____ Entries provided

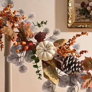 Fall Decor,Fall Garland for Mantel, 6 FT Fall Garland with Light, Lighted Autumn Garlands with Faux Lamb’s Ear & Pumpkins, Thanksgiving Table Centerpiece, Fall Decorations for Home Porch Fireplace
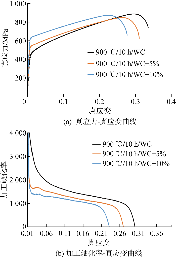 图8为Fe-Mn合金预变形后的应力-应变曲线.图8(a)为真应力-真应变曲线.结果表明,热处理后未经过预变形的试样具有较高的断后伸长率和较低的屈服强度.随着预变形量的增加,合金的断后伸长率逐渐降低,而屈服强度则逐渐增加.预变形使得合金的屈服强度显著增加,相较未预变形试样,5%预变形试样的屈服强度增加114 MPa,10%预变形试样的增加量高达208 MPa.相比之下,预变形对于Fe-Mn合金的抗拉强度的影响较小,5%预变形试样抗拉强度减少4 MPa,10%预变形试样抗拉强度增加42 MPa,均大幅小于屈服强度增加量.同时,预变形使断后伸长率有所降低,5%预变形试样的断后伸长率减少3.5%,10%预变形试样减少了8%.图8(b)为加工硬化率-真应变曲线.结果显示,热处理后未预变形试样具有较高的加工硬化率,然而,随预变形量的增加,合金的加工硬化率逐渐降低.
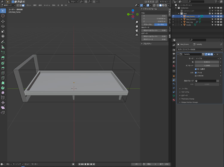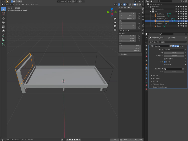 ベッドボードをオブジェクトモードで、「Ctr」+「A」でオブジェクトのスケールを適用し、ソリッド化 モディファイアーを設定します。ソリッド化 モディファイアーは、均一な厚さにチェックを入れて幅は3cmに設定します。
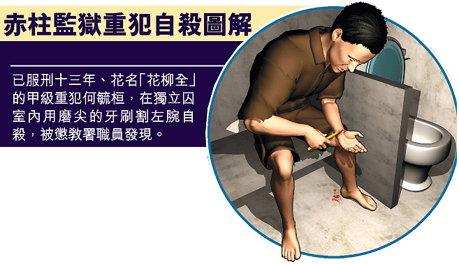 【本報訊】本年初在赤柱監獄服刑期間,涉嫌在太平紳士面前襲擊監獄「一哥」的甲級重犯何毓桓,昨凌晨在囚室內用磨尖的牙刷割腕自殺,幸及時被巡視的懲教署職員發現,送院搶救後撿回一命,現時情況穩定,署方正調查其輕生的原因。 記者:李家傑
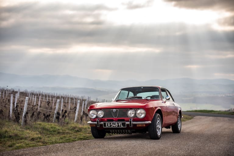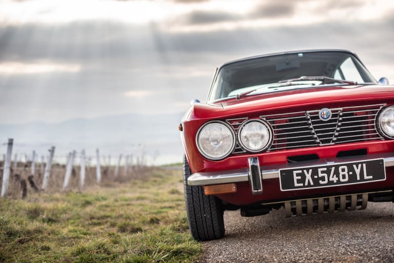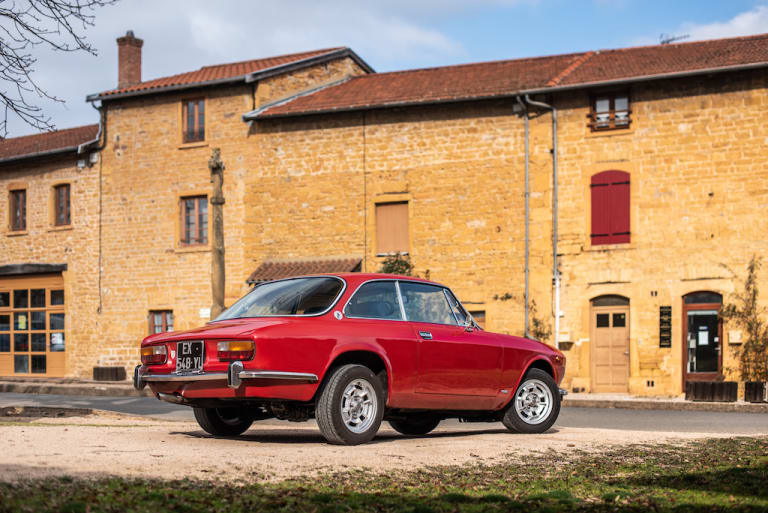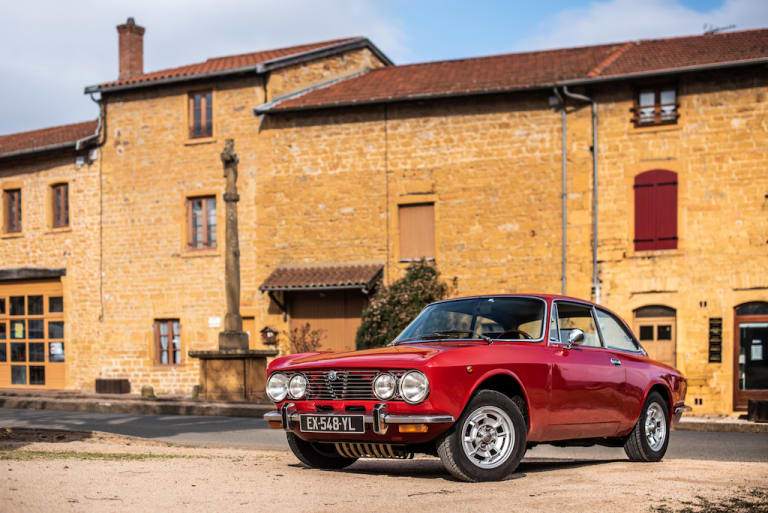 Son coupé Bertone rouge a commencé sa vie aux États-unis en 1975. Ramenée en France il y a une dizaine d’année, il a été l’objet d’une restauration complète de sa carrosserie tout en gardant des éléments d’origine de son intérieur. Le modèle Giulia GT 2000 Véloce est arrivé sur le marché à côté du 1750 en 1971. Son moteur de 1.962 cc, avec 150 ch SAE (132 ch DIN) permettait une vitesse de pointe de presque 200 km/h, de quoi faire rêver la jeunesse de l’époque. Le pont auto-bloquant est alors devenu de série contre sa disponibilité en option uniquement sur la 1750.
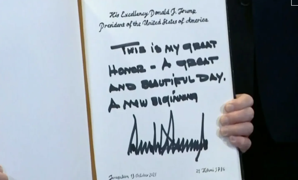 - El líder de la Casa Blanca, los presidentes de Egipto y Turquía y el emir de Qatar firmaron el texto del acuerdo de paz de Gaza en una ceremonia en la cumbre de Sharm el Sheij en presencia de unas dos docenas de jefes de Estado.La firma de la "paz" ocurrió en vísperas del cuarto día del alto al fuego entre Hamás e Israel y en la misma jornada en la que veinte rehenes israelíes y centenares de presos palestinos —250 de ellos condenados a cadena perpetua— recobraran la libertad.

________

Prompt
Please copy the records above word for word, leaving out every picture.

Reply
 Fall Decor,Fall Garland for Mantel, 6 FT Fall Garland with Light, Lighted Autumn Garlands with Faux Lamb’s Ear & Pumpkins, Thanksgiving Table Centerpiece, Fall Decorations for Home Porch Fireplace
 图8为Fe-Mn合金预变形后的应力-应变曲线.图8(a)为真应力-真应变曲线.结果表明,热处理后未经过预变形的试样具有较高的断后伸长率和较低的屈服强度.随着预变形量的增加,合金的断后伸长率逐渐降低,而屈服强度则逐渐增加.预变形使得合金的屈服强度显著增加,相较未预变形试样,5%预变形试样的屈服强度增加114 MPa,10%预变形试样的增加量高达208 MPa.相比之下,预变形对于Fe-Mn合金的抗拉强度的影响较小,5%预变形试样抗拉强度减少4 MPa,10%预变形试样抗拉强度增加42 MPa,均大幅小于屈服强度增加量.同时,预变形使断后伸长率有所降低,5%预变形试样的断后伸长率减少3.5%,10%预变形试样减少了8%.图8(b)为加工硬化率-真应变曲线.结果显示,热处理后未预变形试样具有较高的加工硬化率,然而,随预变形量的增加,合金的加工硬化率逐渐降低.
 ベッドボードをオブジェクトモードで、「Ctr」+「A」でオブジェクトのスケールを適用し、ソリッド化 モディファイアーを設定します。ソリッド化 モディファイアーは、均一な厚さにチェックを入れて幅は3cmに設定します。
 【本報訊】本年初在赤柱監獄服刑期間,涉嫌在太平紳士面前襲擊監獄「一哥」的甲級重犯何毓桓,昨凌晨在囚室內用磨尖的牙刷割腕自殺,幸及時被巡視的懲教署職員發現,送院搶救後撿回一命,現時情況穩定,署方正調查其輕生的原因。 記者:李家傑
 Son coupé Bertone rouge a commencé sa vie aux États-unis en 1975. Ramenée en France il y a une dizaine d’année, il a été l’objet d’une restauration complète de sa carrosserie tout en gardant des éléments d’origine de son intérieur. Le modèle Giulia GT 2000 Véloce est arrivé sur le marché à côté du 1750 en 1971. Son moteur de 1.962 cc, avec 150 ch SAE (132 ch DIN) permettait une vitesse de pointe de presque 200 km/h, de quoi faire rêver la jeunesse de l’époque. Le pont auto-bloquant est alors devenu de série contre sa disponibilité en option uniquement sur la 1750.
 - El líder de la Casa Blanca, los presidentes de Egipto y Turquía y el emir de Qatar firmaron el texto del acuerdo de paz de Gaza en una ceremonia en la cumbre de Sharm el Sheij en presencia de unas dos docenas de jefes de Estado.La firma de la "paz" ocurrió en vísperas del cuarto día del alto al fuego entre Hamás e Israel y en la misma jornada en la que veinte rehenes israelíes y centenares de presos palestinos —250 de ellos condenados a cadena perpetua— recobraran la libertad.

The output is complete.